* [TASK DIRECTIONS]: Only the lines below between the one holding "Bague de fiancailles" and the one holding "Benzer görüntüler, Mustafa", inclusive, are to be reproduced word for word; the pictures are to be left out.

* [RECORD EXCERPTS]:
•••
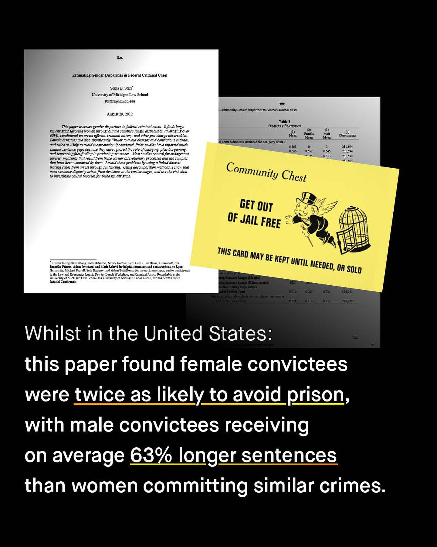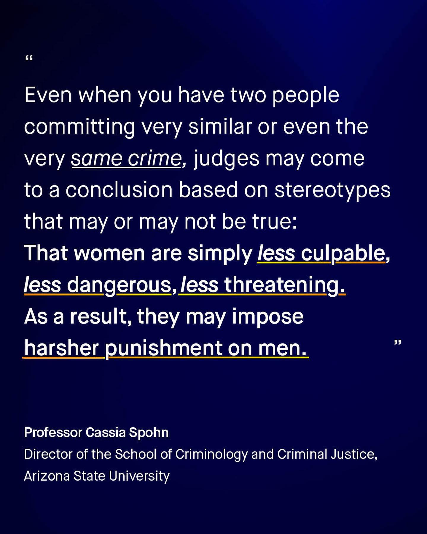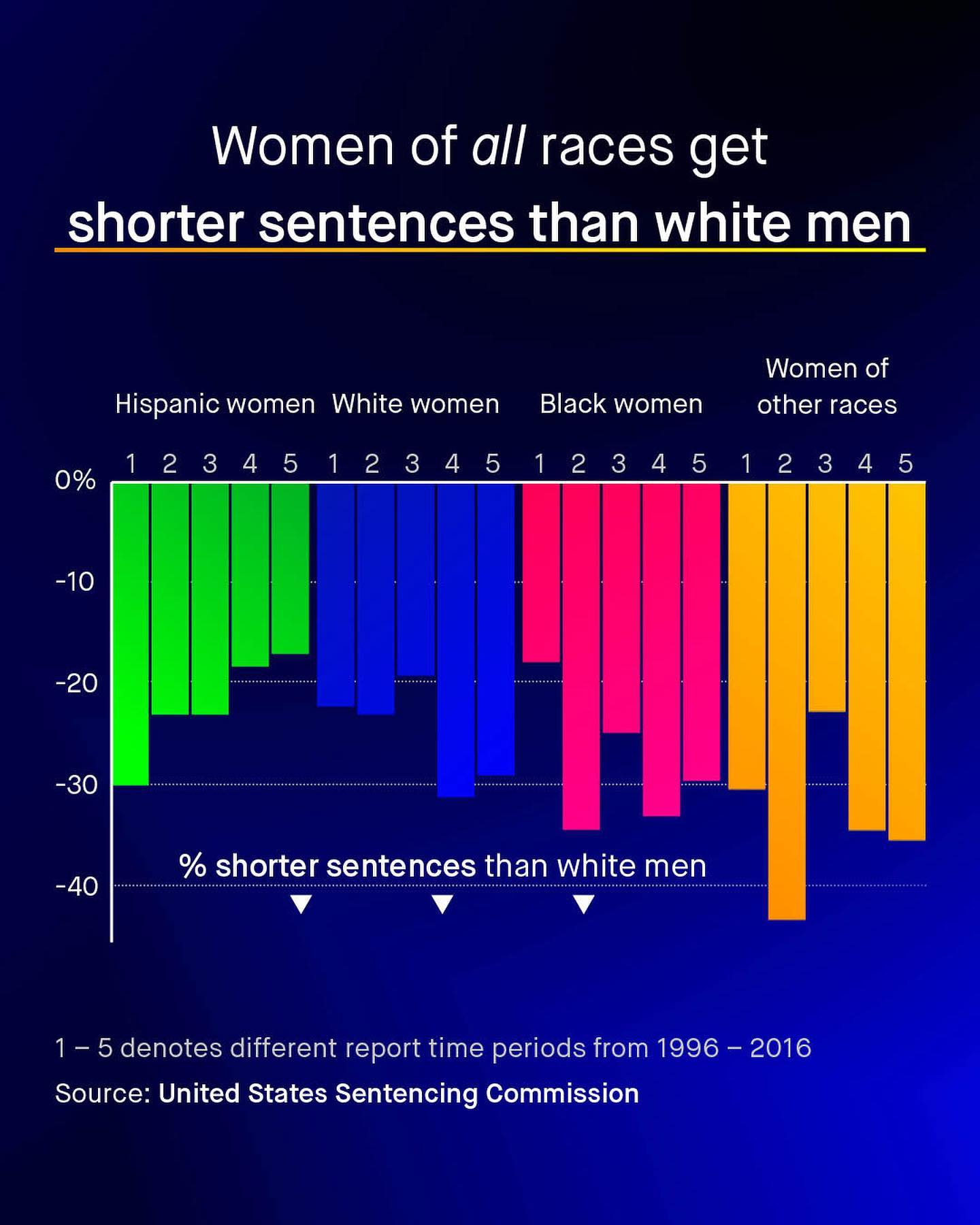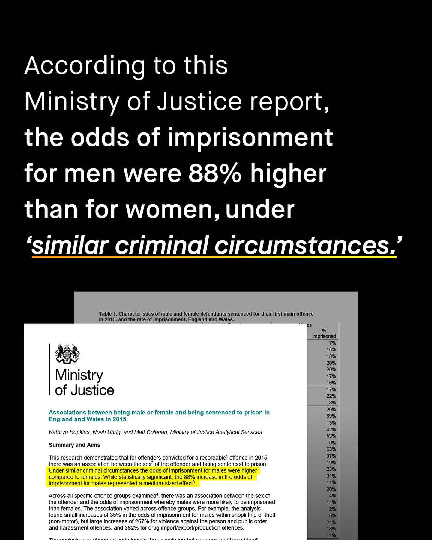 Sorry lads. Sometimes, to some people, to be a man, is to be born into guilt. Guilty for crimes he never committed, and guilty for the actions of other men. Collectively guilty for all the world’s ills - for everyone, everywhere, and for all of time. ‘Men.’ The original sin, the evil sex, the tyrannical oppressor class; they are the ghoul under your bed, the shadow beneath the stairs, the patriarch atop the high tower. Naturally, this translates into criminal court. Where men are more likely to be imprisoned, and will receive longer sentences if they are, even when committing the same crime as a woman… and doubly so for black men. Yes. Longer sentences, for the same crime. More likely to be incarcerated, under similar criminal circumstances. I believe they call that ‘systemic sexism’, or ‘institutional sexism’, take your pick, it needn’t matter, as I hear such things against men “don’t exist”. But the facts don’t lie. Equally criminal women are seen as less culpable, less dangerous, and less deserving of punishment (especially when the victim is a man), and so women are therefore treated with more leniency. It is the invisible and benevolent privilege of being seen as inherently innocent. Whilst if women are to be found guilty, her actions will likely be seen as “forced”, and probably by a man. So, whilst men are made accountable for the crimes of others, many women aren’t even seen as responsible for their own. And for some that still isn’t enough. Many are calling to close women’s prisons altogether - for what use is a prison for the innocent gender, and society’s perpetual victim? So how have we arrived here? And will we ever utter the forbidden words “systemic sexism against men?” What do you think? ~ Ministry of Justice Professor Spohn Gender Sentencing Bias Racial Sentencing Bias Images by Diego Gonzarlez, Andrea Serrano, Kelly Sikkema, Lucas Gouvea and Gradienta.
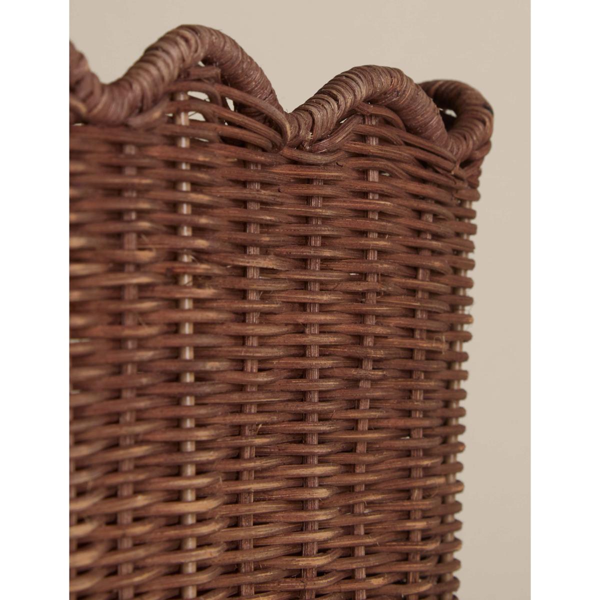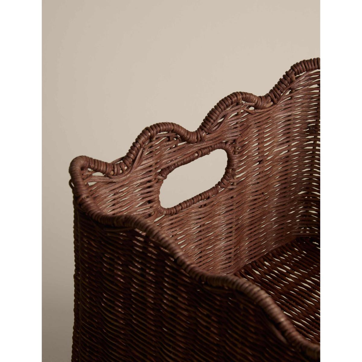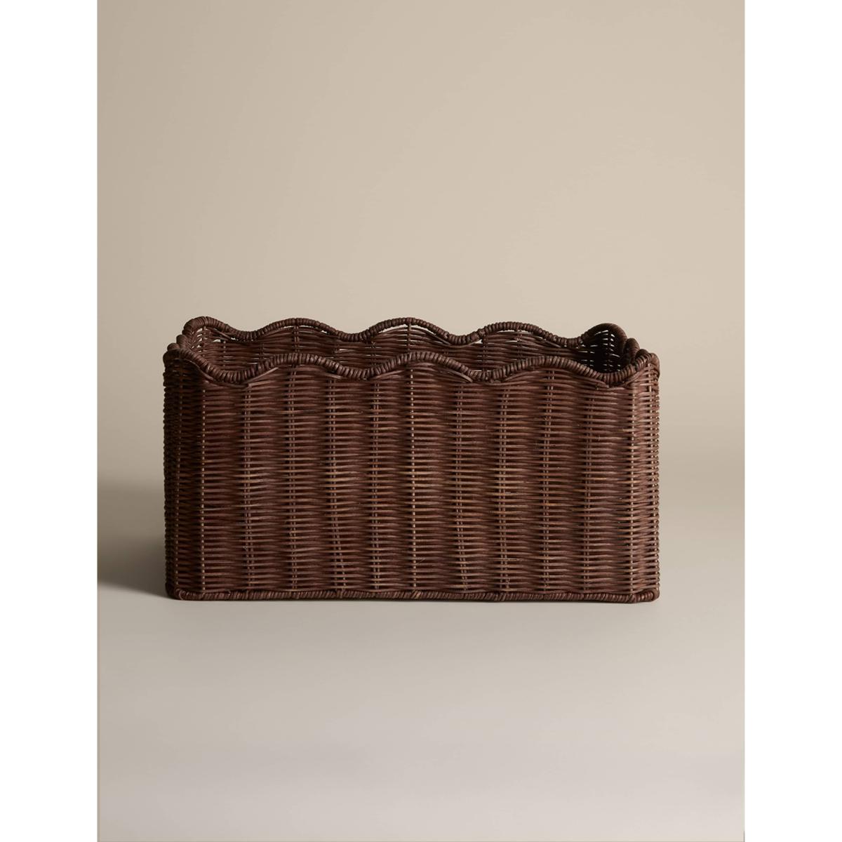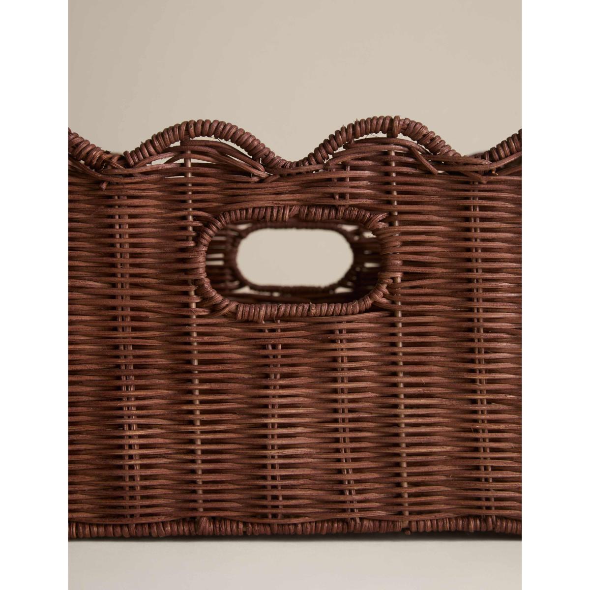 This rectangular rattan basket is topped with a scalloped edge for a decorative finish. Cut-out handles on either side make it easy to carry.
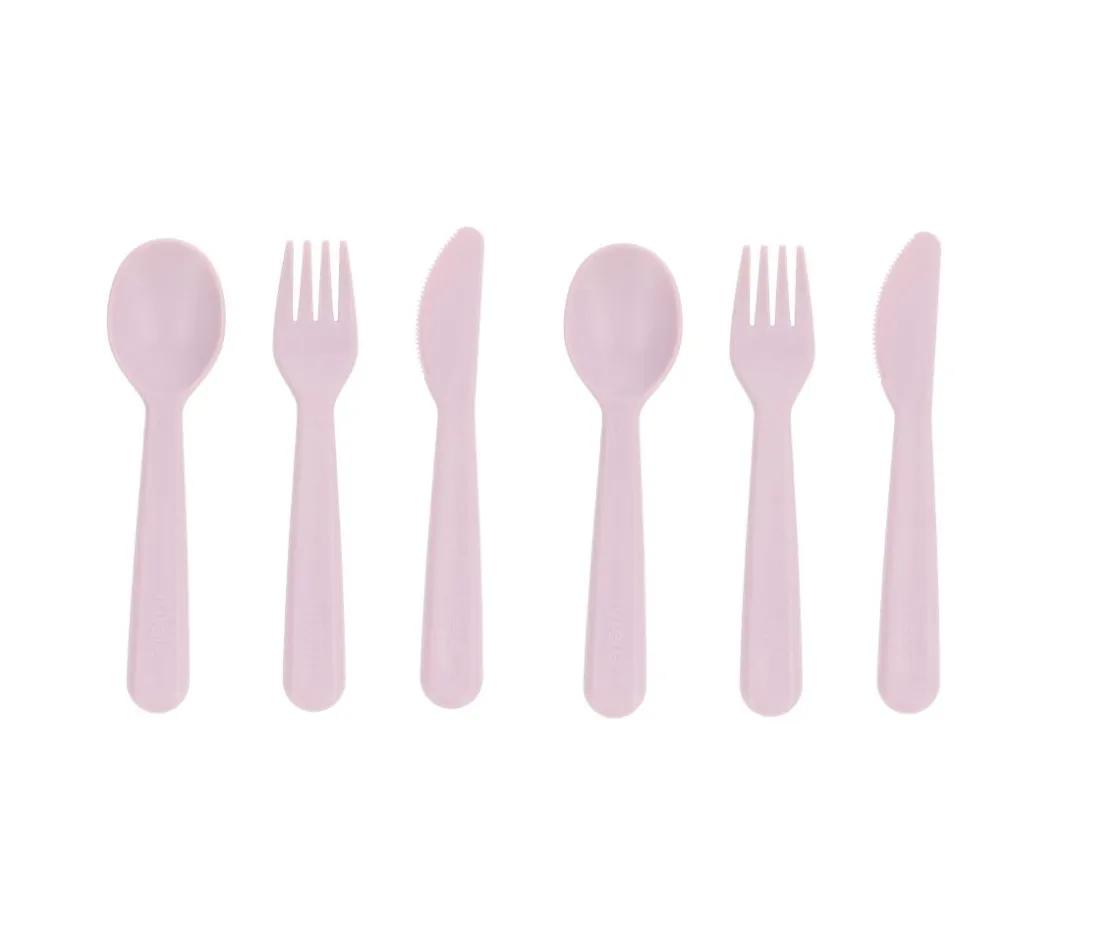 Set de cubiertos formado por 2 tenedores, 2 cucharas y 2 cuchillos. Tiene el tamaño y la forma perfecta para que los peques los puedan agarrar fácilmente, además son duraderos y con extremidades redondeadas.
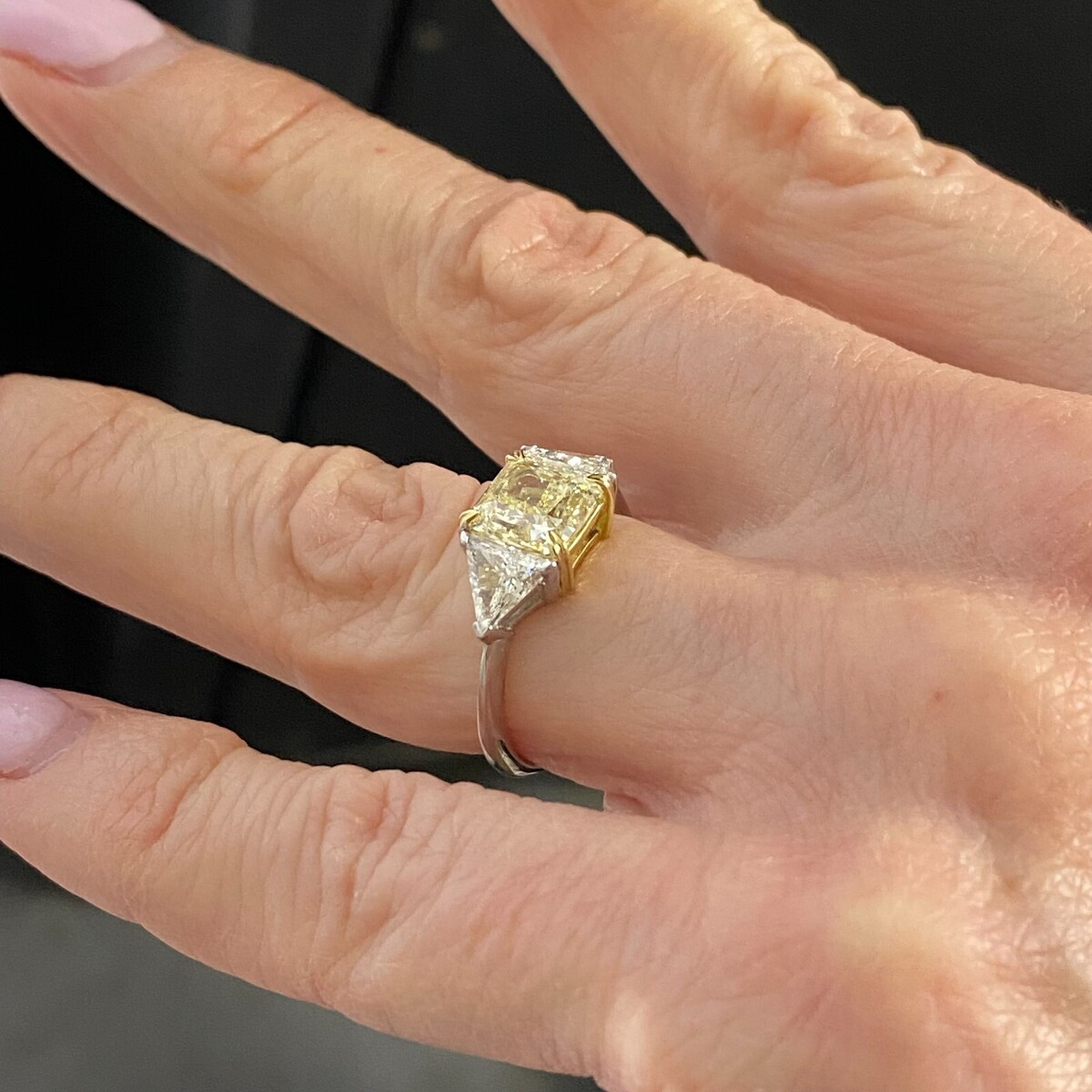 Bague de fiancailles en diamant taille radiant jaune clair GIA 2,85 TCW a 3 pierres, or 18 carats
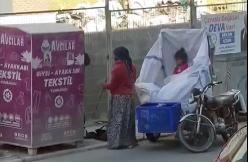 Benzer görüntüler, Mustafa Kemal Paşa Mahallesi Beyoğlu Caddesi'nde de görüldü. Tehlikeli olmasına rağmen giysi kumbarasının içerisine giren çocuk tarafından çıkarılan ikinci el giysiler yine çekçek araçlarına dolduruldu. O anları çevredekiler, cep telefonu kamarasıyla görüntüledi.
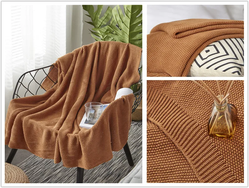 Обратите внимание: из-за большой эластичности вязаного одеяла возможна погрешность в 5-10 см для ручного измерения и небольшая разница в цвете в интернет-магазине. Материал: хлопок/акрил. Размер стрейч: 80x135 см; 430 г 130x150 см, 800 г Цвета: Доступно 9 цветов, как показано на картинке. Особенности: * Это одеяло идеально подходит для всех сезонов и делает его отличным дополнением к любой гостиной или спальне. * Трикотаж из мягкого хлопка. Экологически чистый и приятный для кожи. * Машинная стирка в холодной воде, деликатный цикл, только не хлорный отбеливатель при необходимости, сушить в стиральной машине, не гладить.
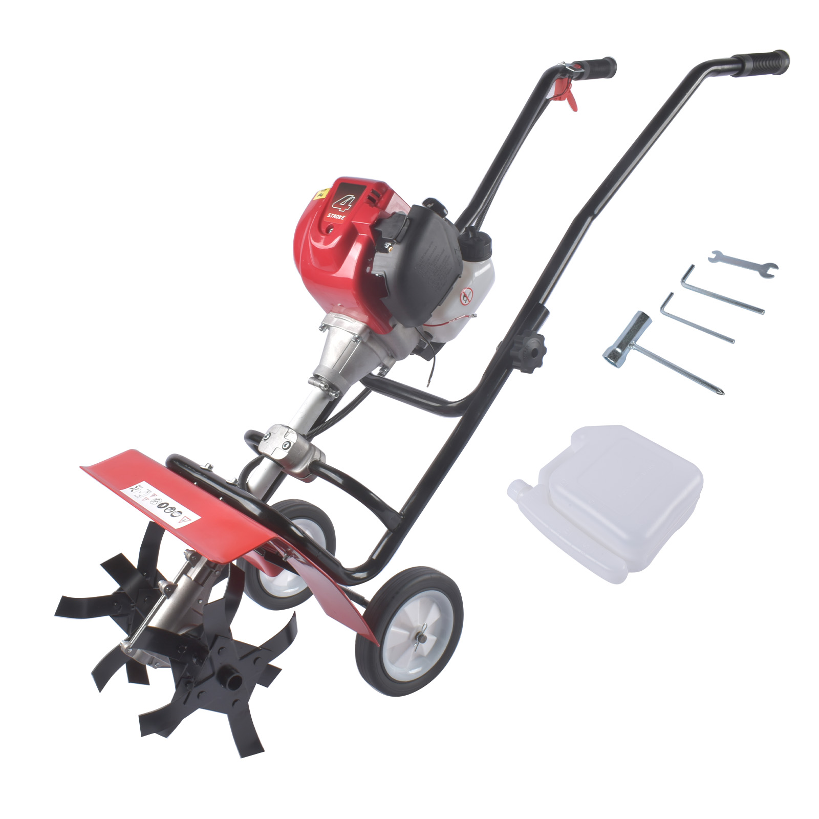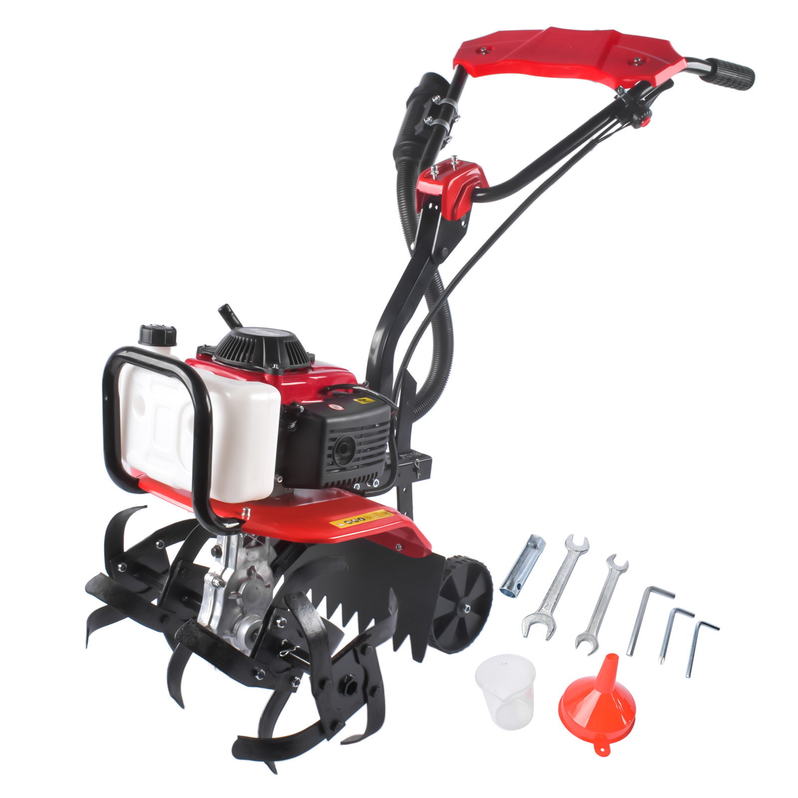 Package includes: 1x Tiller Cultivator, 1x Socket Wrench, 1x Funnel, 1x Cup, 2x Hex Key, 3x Allen Wrench, 1x Set of Installation Accessories
•••
* [ANSWER FOR THE TASK]:
 Bague de fiancailles en diamant taille radiant jaune clair GIA 2,85 TCW a 3 pierres, or 18 carats
 Benzer görüntüler, Mustafa Kemal Paşa Mahallesi Beyoğlu Caddesi'nde de görüldü. Tehlikeli olmasına rağmen giysi kumbarasının içerisine giren çocuk tarafından çıkarılan ikinci el giysiler yine çekçek araçlarına dolduruldu. O anları çevredekiler, cep telefonu kamarasıyla görüntüledi.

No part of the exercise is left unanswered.